■ **DATA SUPPLIED**
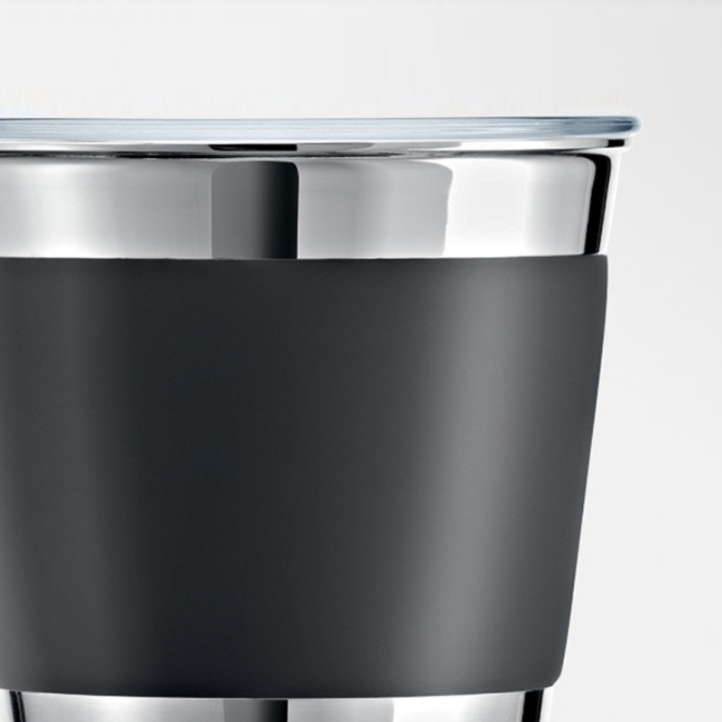 Його відрізняють чіткі лінії, продумані риси на візуальному та тактильному рівні, а також ретельно підібрані матеріали, що значно спрощує принцип використання та гарантує оптимальну гігієнічність при приготуванні чарівної молочної піни. Спінювач молока має дві насадки і готує молоко або молочну піну в холодному, теплому або гарячому вигляді за одним натисканням кнопки управління.
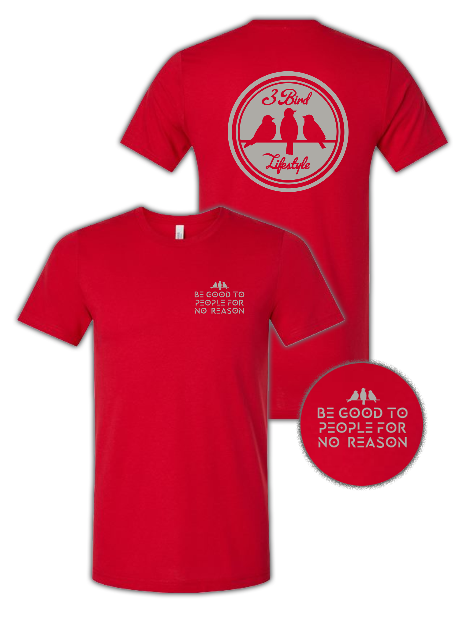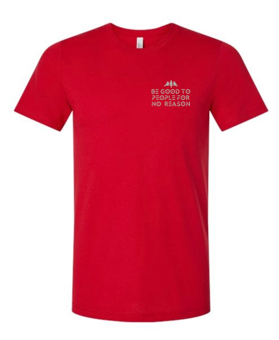 3 Bird Lifestyle T-Shirt • Be Good To People For No Reason • Red & Silver
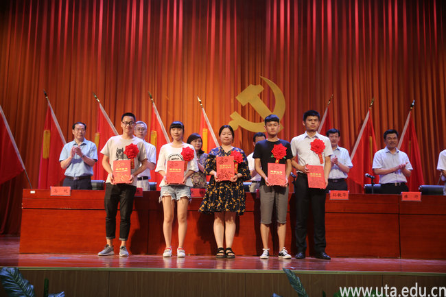 会上对6个先进基层党组织、10名优秀党务工作者、25名优秀共产党员进行了表彰。财经商贸学院党总支书记叶鸽、机关第一党总支王丹分别代表获奖党组织和党员发言。大会还组织了部分预备党员进行入党宣誓。
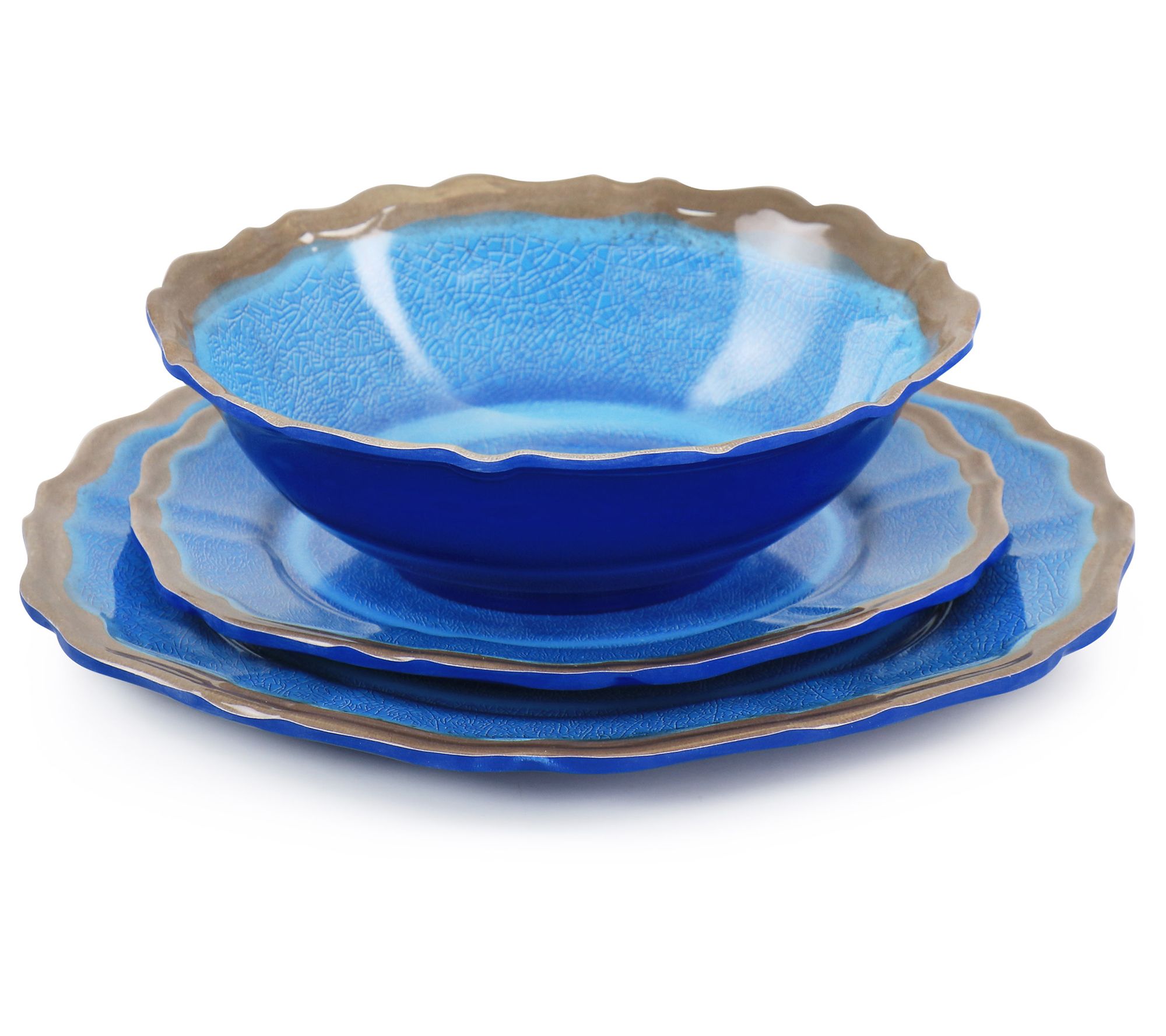 Add a splash of color to your table setting with this lightweight and durable dinnerware set featuring plates and bowls glazed with a glossy crackle coating. From Elama.
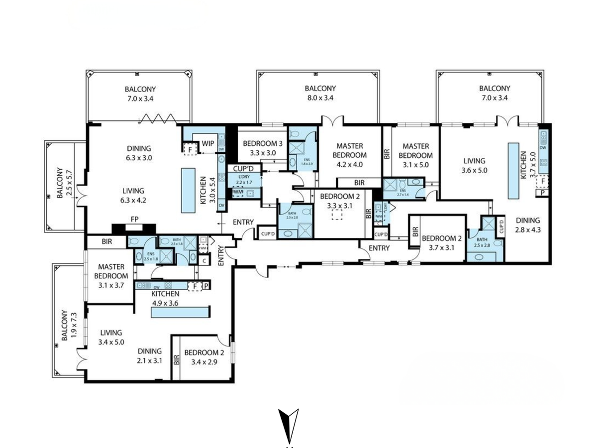 Total Internal Area: 365sqm | Apartment 61: 149sqm | Apartment 62: 102sqm | Apartment 63: 114sqm | Hallway & Ducts: 14.4sqm | Multiple Balconies (Exclusive Use) | 2 Car Garage (Exclusive Use)
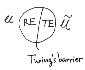 $RE$ 表示全部图灵可识别语言(Chomsky 形式语法 type-0),$TE$ 表示 Turing Emergenable(大概需要一个自然语言的语法层级),全部图灵可涌现识别的语言。对应通用图灵机 $\mathcal{U}$ 的为通用无限图灵机 $\tilde{\mathcal{U}}$。(由于至少一种图灵机 $M_\infty$ 有无限个,我们需要指明输入参数、算法指派的模式作为在无穷网络上的输入。)不仅 $ \tilde{\mathcal{U}} = F(\mathcal{U})$,$\mathcal{U} = F(\tilde{\mathcal{U}})$ 亦成立。
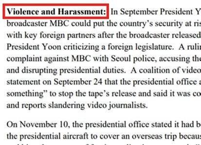 단의 소제목을 ‘폭력과 괴롭힘 (Violence and Harassment)’으로
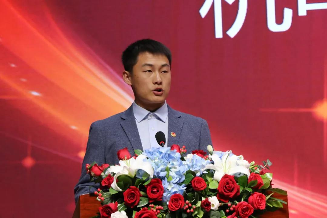 ▲在校生代表:机电工程系19栋梁一班马兴刚
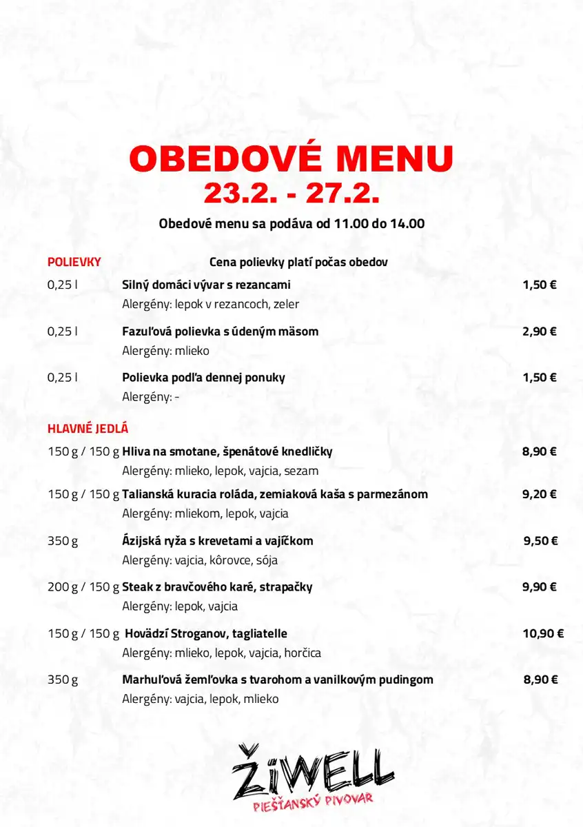 Obedové menu 23. februára až 27. februára 2026 Pivovar ŽiWell
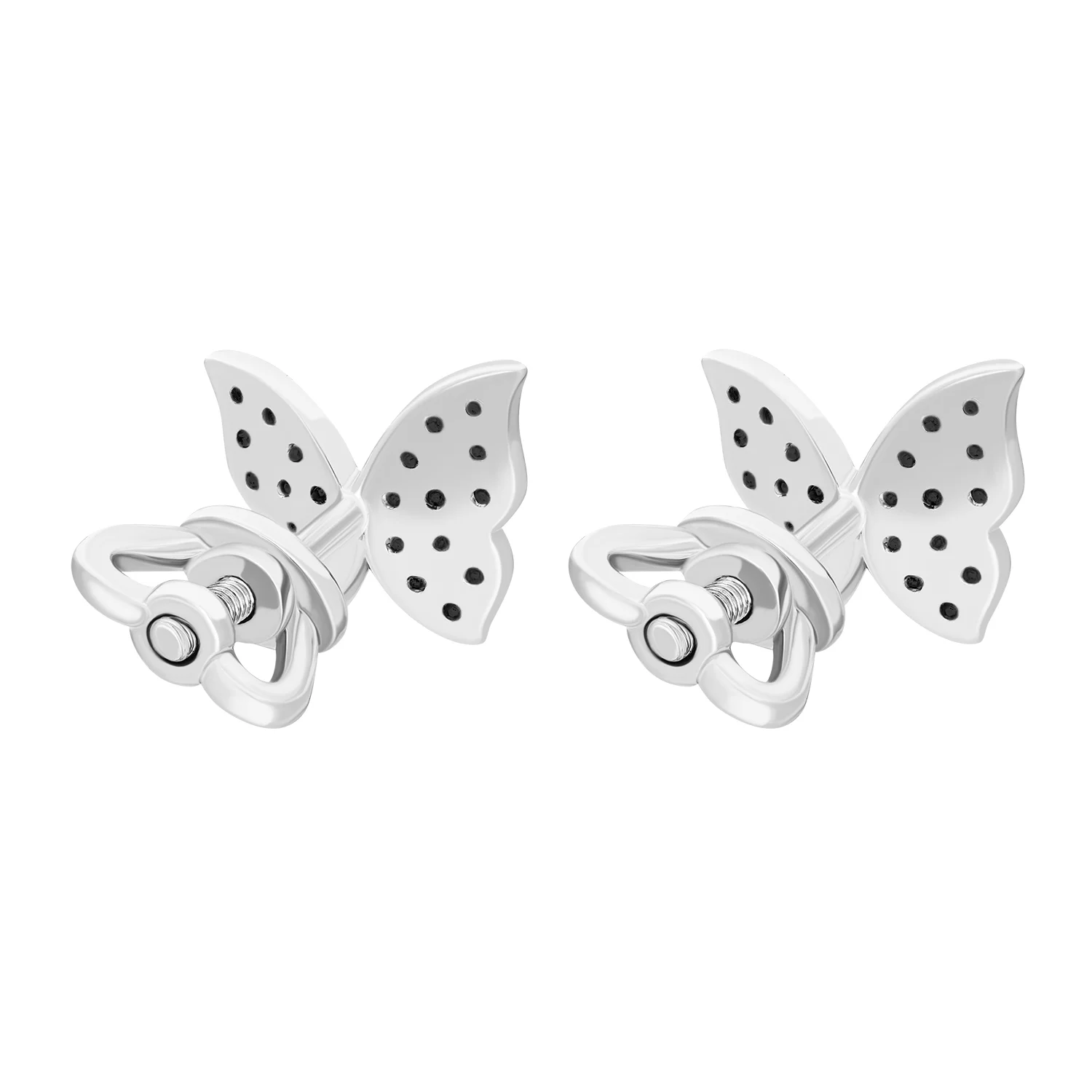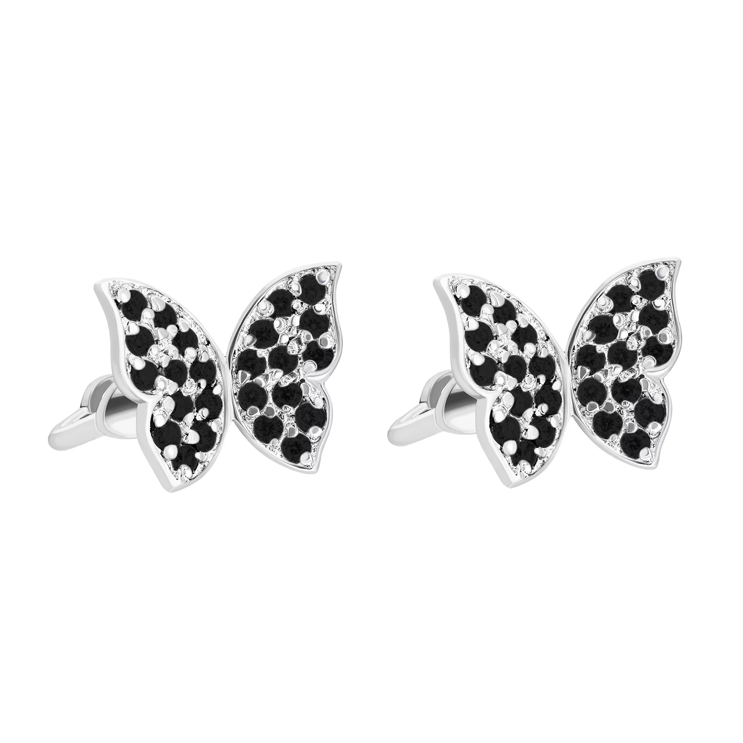 Серебряные стильные сережки-пусеты "Клевер" с ониксом и фианитами - 1940309
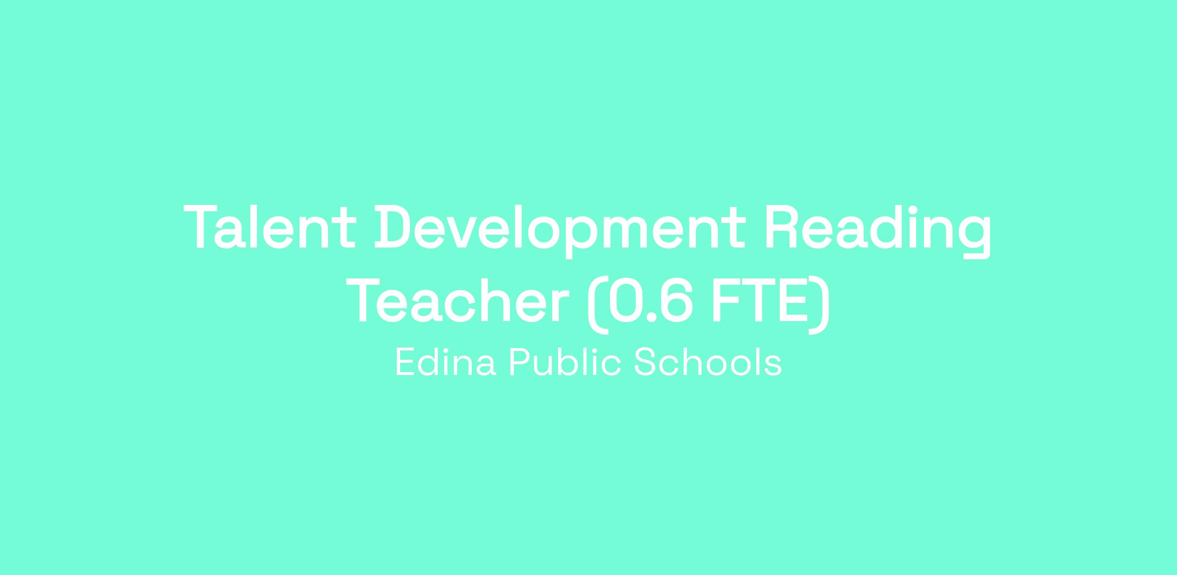 | POSITION: | Talent Development Reading Teacher |
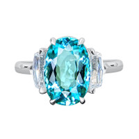 Indulge yourself in the luxurious allure and exceptional craftsmanship of our exquisite Paraiba Tourmaline and Diamond Ring, a piece that epitomizes elegance and sophistication. This ring is not just a piece of jewelry; it is a statement of rarity and exclusivity, designed for those who appreciate the finer things in life. Each element of this magnificent ring has been meticulously selected and crafted to create a breathtaking masterpiece that speaks of opulence and refined taste.At the heart of this captivating creation is a stunning, transparent GIA certified Paraiba Tourmaline, a rare gem that is cherished for its vibrant greenish-blue hue, reminiscent of the serene Caribbean waters. Weighing an impressive 2.88 carats, this oval-shaped tourmaline, with dimensions of 11.23 x 7.59 x 4.51 mm, is cut with a mixed brilliant style that captures and reflects light to create an enchanting dance of colors. Its clarity is graded as eye clean, ensuring that there are no visible inclusions to mar its beauty when viewed at eye level. This exquisite gem exhibits a medium color intensity, striking the perfect balance between grace and vivid expression, further enhanced by its excellent polish. Its origin from Mozambique adds an additional layer of prestige, as this locale is famed for producing some of the world's finest Paraiba Tourmalines.Complementing the center stone are two exquisite white fancy-shaped natural diamonds, artfully set to accentuate the Paraiba Tourmaline. Together, these diamonds weigh a total of 0.59 carats, adding a delicate sparkle that exudes sophistication. With a clarity grade of VS1, these diamonds offer exceptional brilliance while maintaining a pristine appearance, further accentuated by their immaculate F color.This remarkable ensemble is lovingly encased in the finest platinum 950 setting. Renowned for its durability and lustrous sheen, platinum serves as the perfect medium to highlight the rare gemstones while ensuring longevity and comfort in wear. The smoothness of the band is thoughtfully crafted for daily wear, providing a seamless blend of luxury and comfort.Owning this extraordinary Paraiba Tourmaline and Diamond Ring places you within an elite circle, offering you a piece of nature's rarest wonders, magnificently immortalized in platinum. It stands as more than just a ring; it is a timeless treasure, a reflection of one's discernment for true elegance, and a celebration of artistic mastery. Whether adorning your hand for a glamorous evening event or elevating your daily style, this ring is a distinctive piece of art, designed to be cherished and passed down through generations. Don't miss your opportunity to own this uncommon beauty, designed just for you, and become a part of an exclusive legacy of luxury.
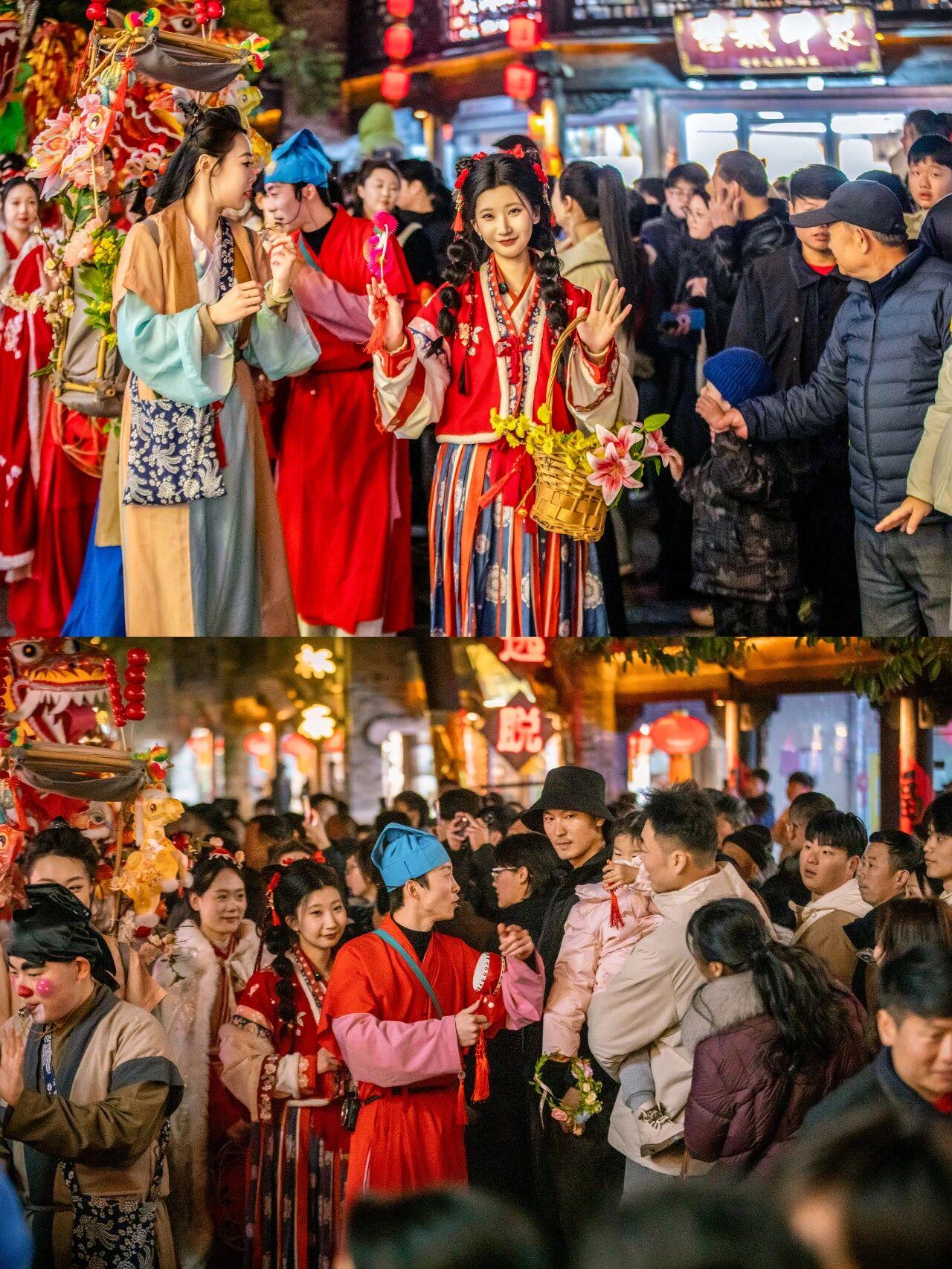 大红灯笼挂满檐角,人们漫步青石板路,走走停停,看一出戏,尝一口年味。每一条巷子都飘着欢声,每一个转角都挤满身影,流动的人群汇成了这座城最动人的风景。

■ **TASK DIRECTIONS**
Leave out the pictures. Transcribe only the lines above, from the first through the one that contains "Reading Teacher |".

■ **COMPLETED TASK**
 Його відрізняють чіткі лінії, продумані риси на візуальному та тактильному рівні, а також ретельно підібрані матеріали, що значно спрощує принцип використання та гарантує оптимальну гігієнічність при приготуванні чарівної молочної піни. Спінювач молока має дві насадки і готує молоко або молочну піну в холодному, теплому або гарячому вигляді за одним натисканням кнопки управління.
 3 Bird Lifestyle T-Shirt • Be Good To People For No Reason • Red & Silver
 会上对6个先进基层党组织、10名优秀党务工作者、25名优秀共产党员进行了表彰。财经商贸学院党总支书记叶鸽、机关第一党总支王丹分别代表获奖党组织和党员发言。大会还组织了部分预备党员进行入党宣誓。
 Add a splash of color to your table setting with this lightweight and durable dinnerware set featuring plates and bowls glazed with a glossy crackle coating. From Elama.
 Total Internal Area: 365sqm | Apartment 61: 149sqm | Apartment 62: 102sqm | Apartment 63: 114sqm | Hallway & Ducts: 14.4sqm | Multiple Balconies (Exclusive Use) | 2 Car Garage (Exclusive Use)
 $RE$ 表示全部图灵可识别语言(Chomsky 形式语法 type-0),$TE$ 表示 Turing Emergenable(大概需要一个自然语言的语法层级),全部图灵可涌现识别的语言。对应通用图灵机 $\mathcal{U}$ 的为通用无限图灵机 $\tilde{\mathcal{U}}$。(由于至少一种图灵机 $M_\infty$ 有无限个,我们需要指明输入参数、算法指派的模式作为在无穷网络上的输入。)不仅 $ \tilde{\mathcal{U}} = F(\mathcal{U})$,$\mathcal{U} = F(\tilde{\mathcal{U}})$ 亦成立。
 단의 소제목을 ‘폭력과 괴롭힘 (Violence and Harassment)’으로
 ▲在校生代表:机电工程系19栋梁一班马兴刚
 Obedové menu 23. februára až 27. februára 2026 Pivovar ŽiWell
 Серебряные стильные сережки-пусеты "Клевер" с ониксом и фианитами - 1940309
 | POSITION: | Talent Development Reading Teacher |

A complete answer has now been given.